What this task involves: Below are entries. Give back exactly the lines from the one containing "Aux États-Unis, la" through the one containing "圖3 光譜曲線(橫軸為通道數", inclusive, without the pictures.

Dataset extract:
►

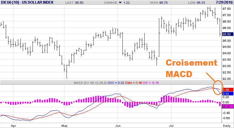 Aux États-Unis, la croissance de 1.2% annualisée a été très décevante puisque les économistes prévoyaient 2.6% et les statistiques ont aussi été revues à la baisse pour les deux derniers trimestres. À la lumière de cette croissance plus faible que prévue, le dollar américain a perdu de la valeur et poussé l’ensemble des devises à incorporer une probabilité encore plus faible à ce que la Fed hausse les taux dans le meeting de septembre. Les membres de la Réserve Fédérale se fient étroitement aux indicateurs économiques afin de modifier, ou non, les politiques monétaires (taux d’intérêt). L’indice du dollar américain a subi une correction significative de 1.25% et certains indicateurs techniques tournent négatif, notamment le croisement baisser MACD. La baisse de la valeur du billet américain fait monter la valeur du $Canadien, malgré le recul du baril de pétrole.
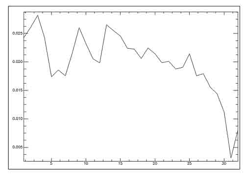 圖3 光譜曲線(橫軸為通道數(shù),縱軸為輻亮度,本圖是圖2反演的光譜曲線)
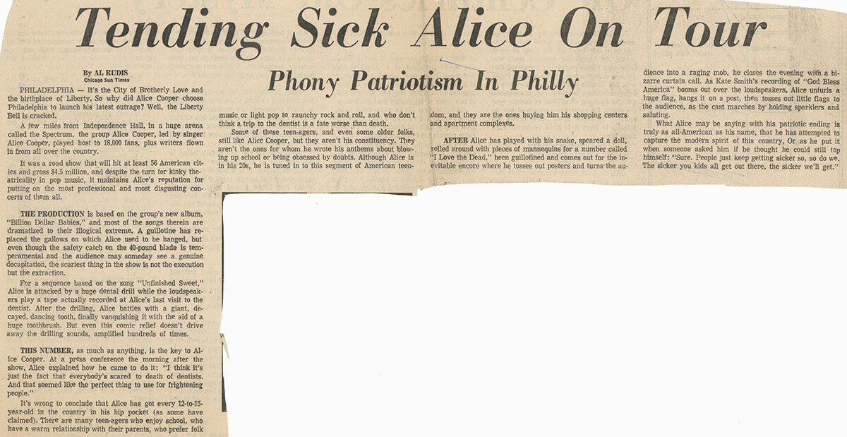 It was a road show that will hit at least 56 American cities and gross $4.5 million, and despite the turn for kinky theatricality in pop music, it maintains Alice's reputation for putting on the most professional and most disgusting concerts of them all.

◄
►

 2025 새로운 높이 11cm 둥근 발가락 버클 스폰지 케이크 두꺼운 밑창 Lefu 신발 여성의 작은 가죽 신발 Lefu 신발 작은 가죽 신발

◄

Response below:
 Aux États-Unis, la croissance de 1.2% annualisée a été très décevante puisque les économistes prévoyaient 2.6% et les statistiques ont aussi été revues à la baisse pour les deux derniers trimestres. À la lumière de cette croissance plus faible que prévue, le dollar américain a perdu de la valeur et poussé l’ensemble des devises à incorporer une probabilité encore plus faible à ce que la Fed hausse les taux dans le meeting de septembre. Les membres de la Réserve Fédérale se fient étroitement aux indicateurs économiques afin de modifier, ou non, les politiques monétaires (taux d’intérêt). L’indice du dollar américain a subi une correction significative de 1.25% et certains indicateurs techniques tournent négatif, notamment le croisement baisser MACD. La baisse de la valeur du billet américain fait monter la valeur du $Canadien, malgré le recul du baril de pétrole.
 圖3 光譜曲線(橫軸為通道數(shù),縱軸為輻亮度,本圖是圖2反演的光譜曲線)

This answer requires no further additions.